Outdoor ‘Cactus Store’ Sets up Shop in Vacant Essex Street Lot
The sudden rebirth of the dormant lot at 5 Essex Street is now upon us.
That “garden” replacement we told you about last month is actually less a refuge, and more a retail endeavor. Indeed, the lot is henceforth converted into a seasonal plant store, which explains the new open-air pavilion feel, complete with pavers and canopies.
Over the weekend, we caught a crew of young folk unloading succulent greenery from a box truck. Turns out, the Essex Street parcel will temporarily become The Cactus Store. Selling, you guessed it, cacti.
The so-called Cactus Store opens next weekend at 5 Essex Street, and, we’re told, will remain in place through September.
The former tenement that stood at 5 Essex Street came down seven years ago, a few years before “3-5 Essex Partners LLC” purchased the property and its neighbor (the old M. Schames & Son hardware store that’s since relocated to Delancey) for $3.5 million.

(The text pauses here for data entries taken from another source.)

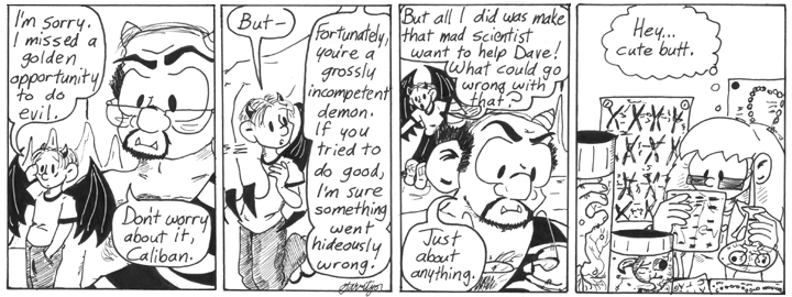 This strip is awesome, I don’t care what you say. The last line is a nod to General Protection Fault, which unfortunately doesn’t have so much of the cheerful ogling anymore. If this strip had been drawn many years later, the hand in the jar could’ve been a Doctor Who reference.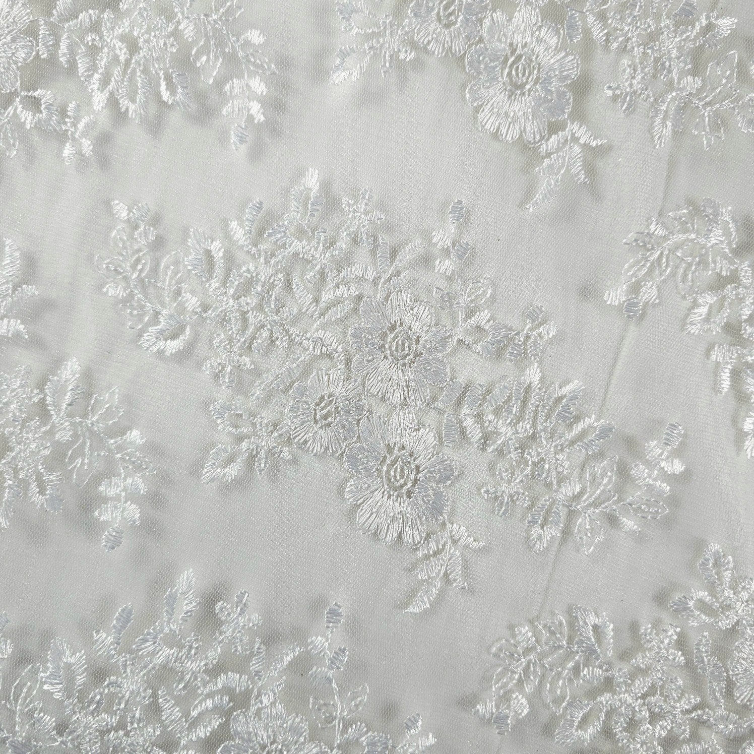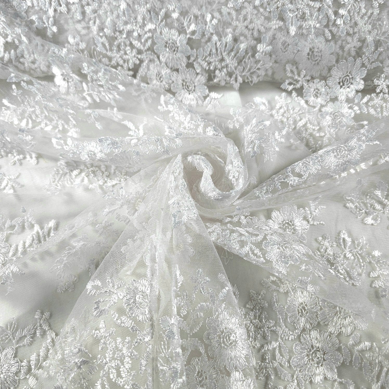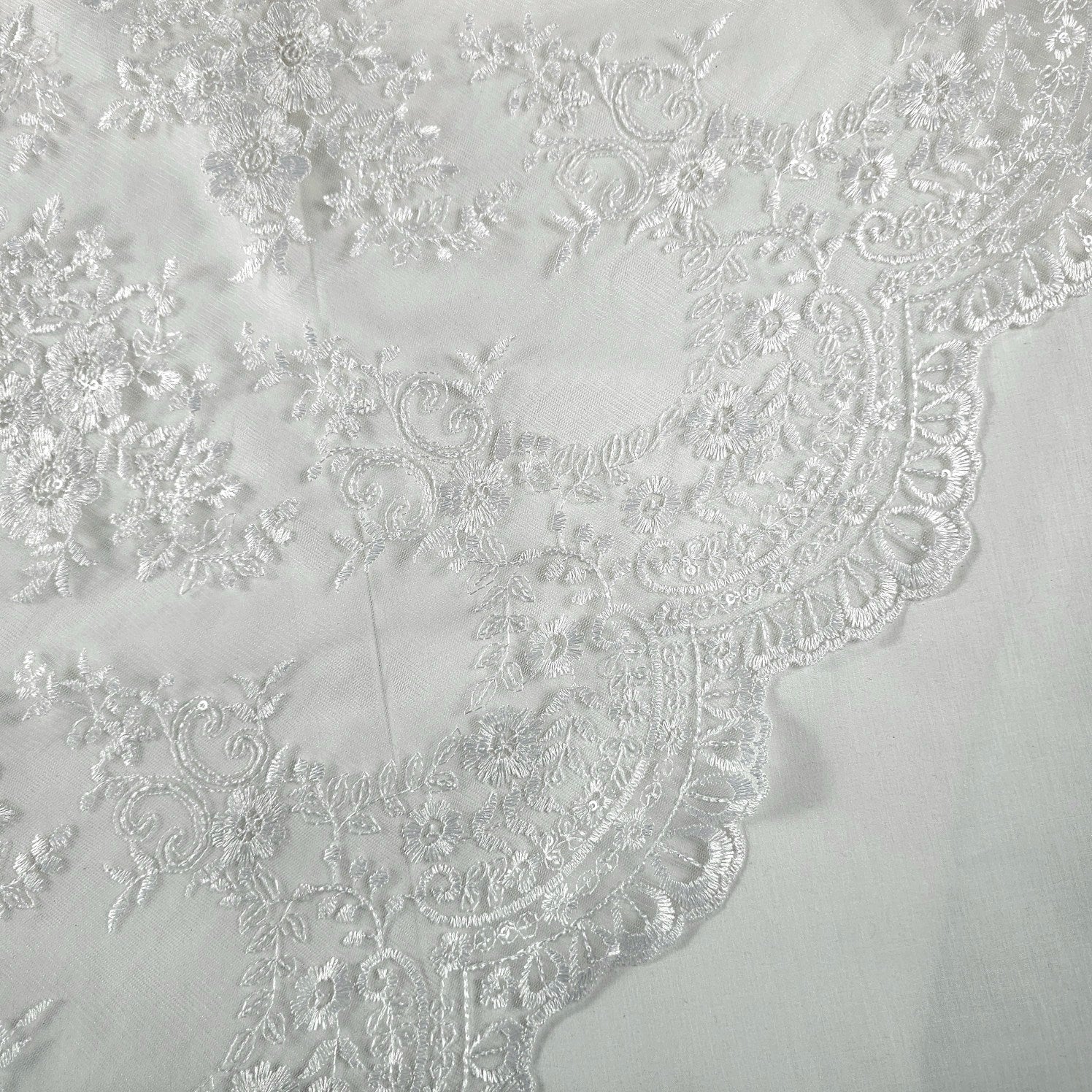 A dreamy white net fabric featuring delicate daisy-inspired floral embroidery, this textile exudes lightness and charm. The intricate threadwork mimics natural floral sprigs scattered across a translucent net, giving it an ethereal, floating effect. Paired with a beautifully scalloped border (as seen in the reference), this fabric is perfect for bridal gowns, veils, dupattas, and statement overlays.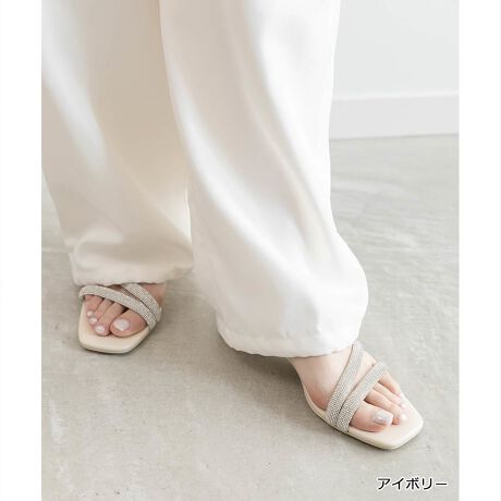 歩く度にキラキラと表情を変える繊細なビジューをあしらったストラップサンダル。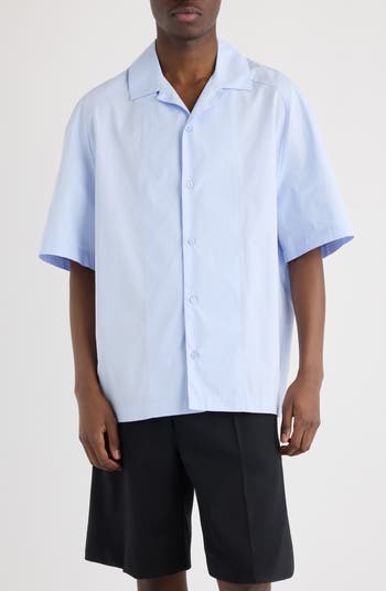 Designed for warm days and strong exits, this relaxed button-up teams airy comfort and a cool notched collar then pulls focus to a sweeping back monogram stitched in bold script.
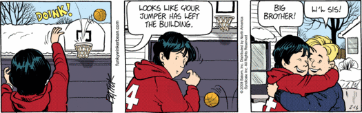 I don’t hate it. This is what CS is supposed to be–lame, not really funny jokes linked in a vague arc. Joke a day, like the first 20 years of FW. Or, you know, the last 95 years of Blondie. You read it, don’t laugh, and instantly forget what it was.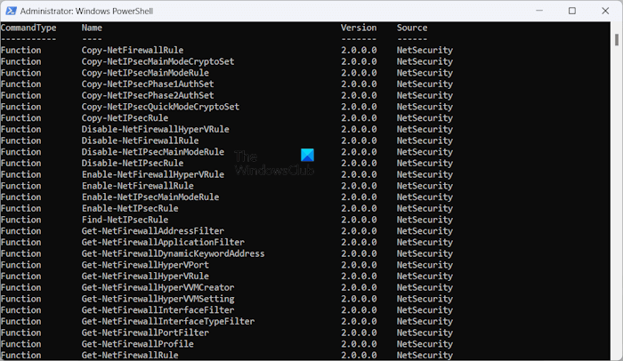 Para administrar reglas en Windows Firewall a través de PowerShell, debe usar elRegla NetFirewallcmdlet que forma parte del módulo NetSecurity. Puede ver todos los cmdlets de NetSecurity ejecutando el siguiente comando en Windows PowerShell: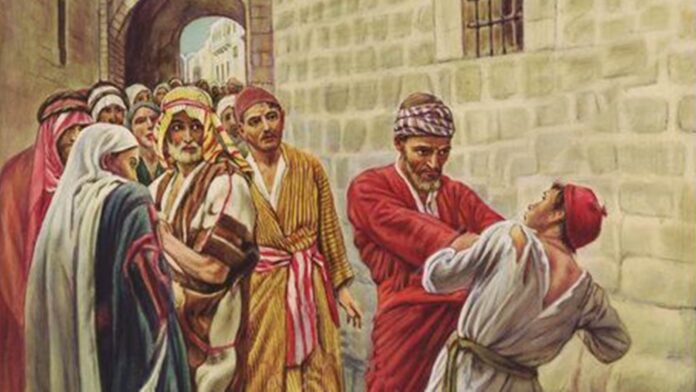 Bây giờ chúng ta tiếp tục câu chuyện dụ ngôn Chúa Giê-su đang kể. Người nói tiếp: “Nhưng vừa ra đến ngoài, tên đầy tớ gặp một người đồng bạn, mắc nợ y một trăm quan tiền. Y liền túm lấy, bóp cổ mà bảo: “Trả nợ cho tao!” Bấy giờ, người đồng bạn sấp mình xuống van xin: “Thưa anh, xin rộng lòng hoãn lại cho tôi, tôi sẽ lo trả anh”. Nhưng y không chịu, cứ đi tống anh ta vào ngục cho đến khi trả xong nợ”.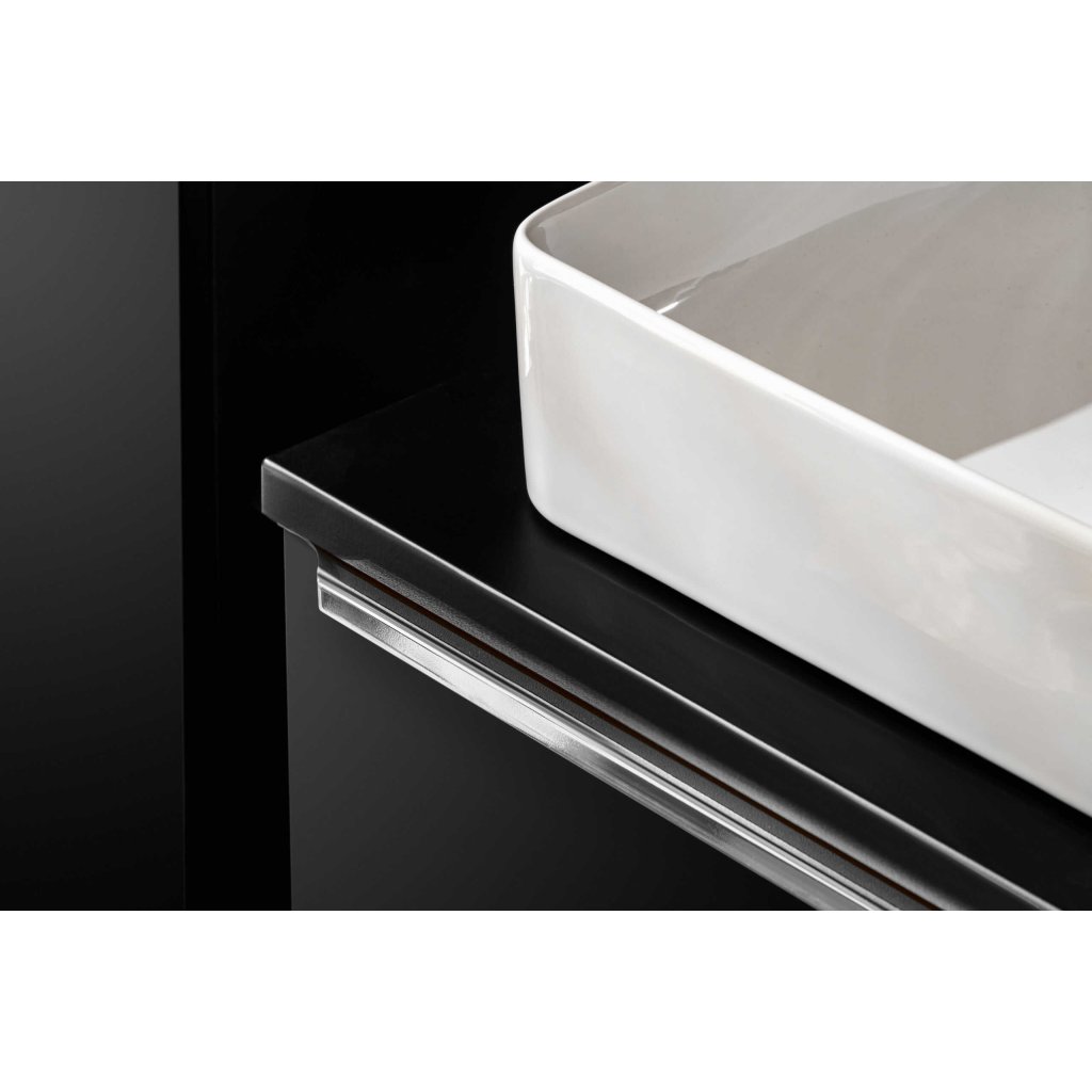 Mobilierul de baie din colecția SANTA FE BLACK, în negru mat, poate fi soluția potrivită pentru baia dumneavoastră. Aspectul elegant al mobilierului de baie este îmbunătățit de mânerul cromat și de aspectul ușilor cu design orhidee neagră. Pe lângă beneficiul estetic , mobilierul de baie SANTA FE BLACK oferă și soluții excelente pentru organizare și depozitare. articole de baie.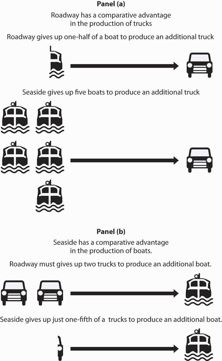 We can determine opportunity costs in the two countries by comparing the slopes of their respective production possibilities curves at the points where they are producing. At point A in Panel (a) of Figure 17.3 "Comparative Advantage in Roadway and Seaside", one additional boat costs two trucks in Roadway; that is its opportunity cost. At point A′ in Panel (b), 1 additional boat in Seaside costs only 0.2 truck. Alternatively, we can ask about the opportunity cost of an additional truck. In Roadway, an additional truck costs 0.5 boats. In Seaside, it costs five boats. Roadway thus has a comparative advantage in producing trucks; Seaside has a comparative advantage in producing boats. This situation is suggested pictorially in Figure 17.4 "A Picture of Comparative Advantage in Roadway and Seaside".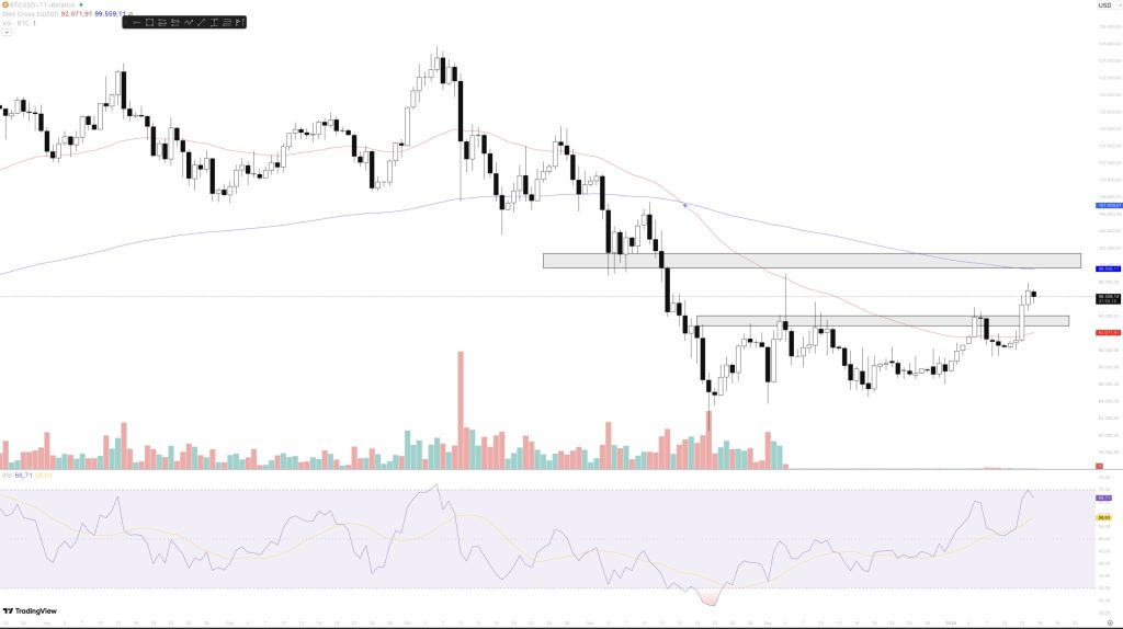 Auch aus charttechnischer Sicht lässt sich das aggressive Vorgehen des Traders gut nachvollziehen. Bitcoin ist zuletzt dynamisch über die Marke von 94.000 US-Dollar ausgebrochen und konnte dabei zugleich den wichtigen EMA 50 klar überwinden. Die Ausbruchskerze präsentierte sich ausgesprochen bullisch und signalisiert starkes Kaufinteresse. Aktuell folgt eine leichte Abkühlung, die nach einem so starken Impuls völlig normal ist.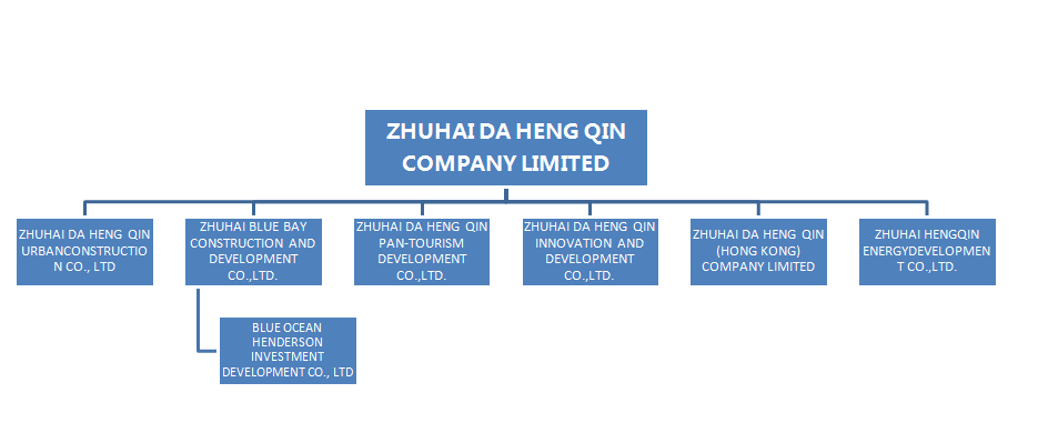 Remark: ZhuHai Da Heng Qin Urban Construction Co., Ltd,Zhuhai Da Heng Qin Pan-Tourism Development Co.,Ltd.ZhuHai Da Heng Qin Innovation And Development Co.,Ltd. Da Hengqin(Hong Kong) Company Limited and Blue Bay Construction and Development Co., Ltd. are the wholly-owned subsidiaries of Zhuhai Da Heng Qin Company Ltd.;Zhuhai Heng Qin Energy Development Co., Ltd. are the Shareholding company.Blue Ocean Henderson Investment Development Co.,Ltd. is an indirectly non-wholly owned subsidiary of the company.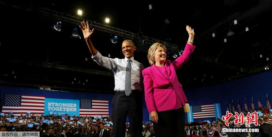 当地时间2016年7月5日,美国北卡罗来纳州夏洛特,美国总统奥巴马首次助阵民主党总统候选人希拉里的竞选集会。据悉,奥巴马和希拉里的关系进入了新的“共生”阶段,希拉里要靠奥巴马的影响力来提高支持率,而奥巴马助希拉里获选可以增加自己的政治遗产。从现在开始的四个月中,这对化敌为友的搭档要不断向公众推销对方。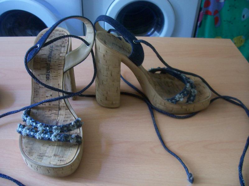 -1 paire de sandales talons hauts, petites lanières en jean sur le dessus du pieds et ]lacet en jean qui se noue autour de la cheville, très sexy. Pointure 36. Quasiment pas portées, le dessous est en parfait état, proche du neuf: 15 euros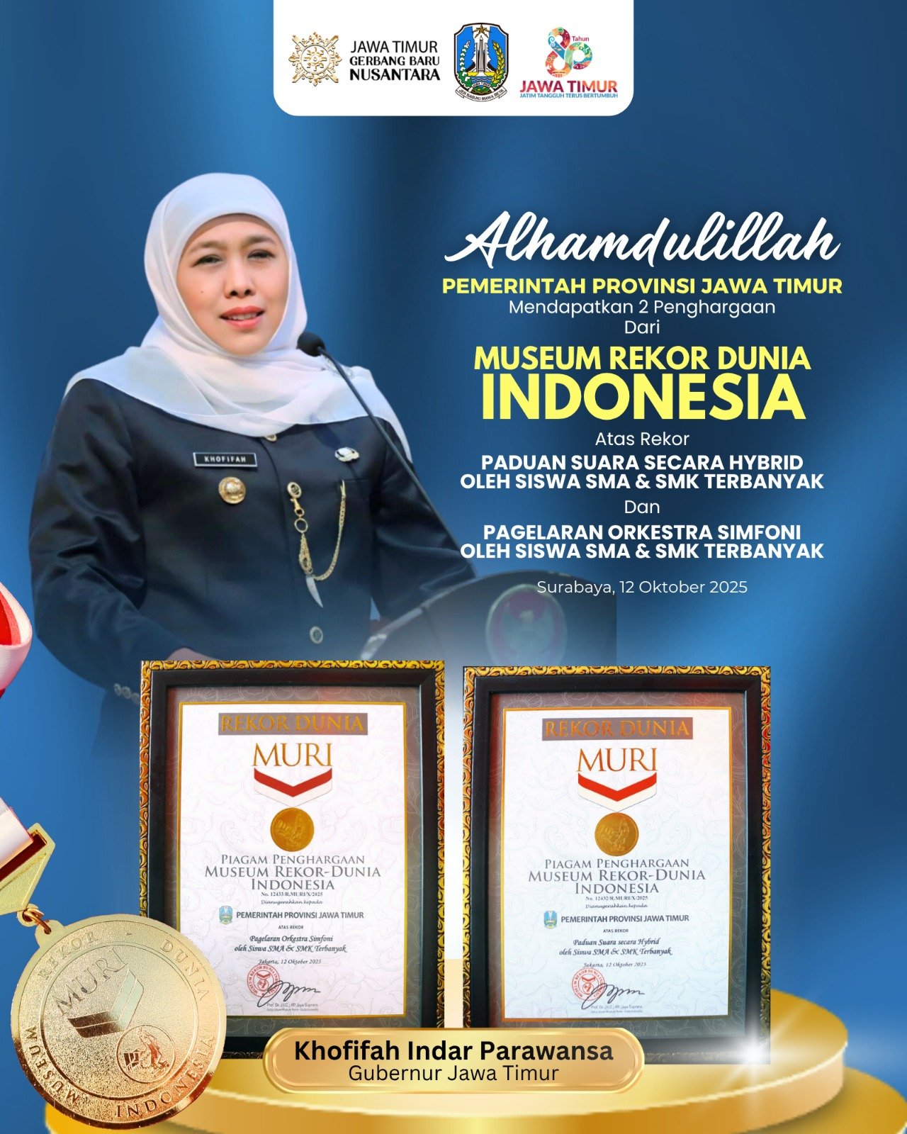 Baca SelengkapnyaDua Rekor MURI Jadi Kado Istimewa HUT ke-80 Provinsi Jawa Timur, Gubernur Khofifah: Persembahan Harmoni Generasi Emas Dari Bumi Majapahit.

But the long-gone bricks of this old-time tenement carry an interesting history which may haunt any replacement. This property was once a notorious Typhus sanitarium. Back in 1892, the United Hebrew Charities arranged for the Mermer family, fresh off the Russian steamship “Massilia,” to live at this address. Ellis Island, however, failed to properly examine the boat, which was infested with the disease. Passengers with symptoms were quarantined here and further north at 42 East 12th Street. From these two locations, Typhus inevitably found its way out, and dozens of cases were later reported along the East Coast in the ensuing decade.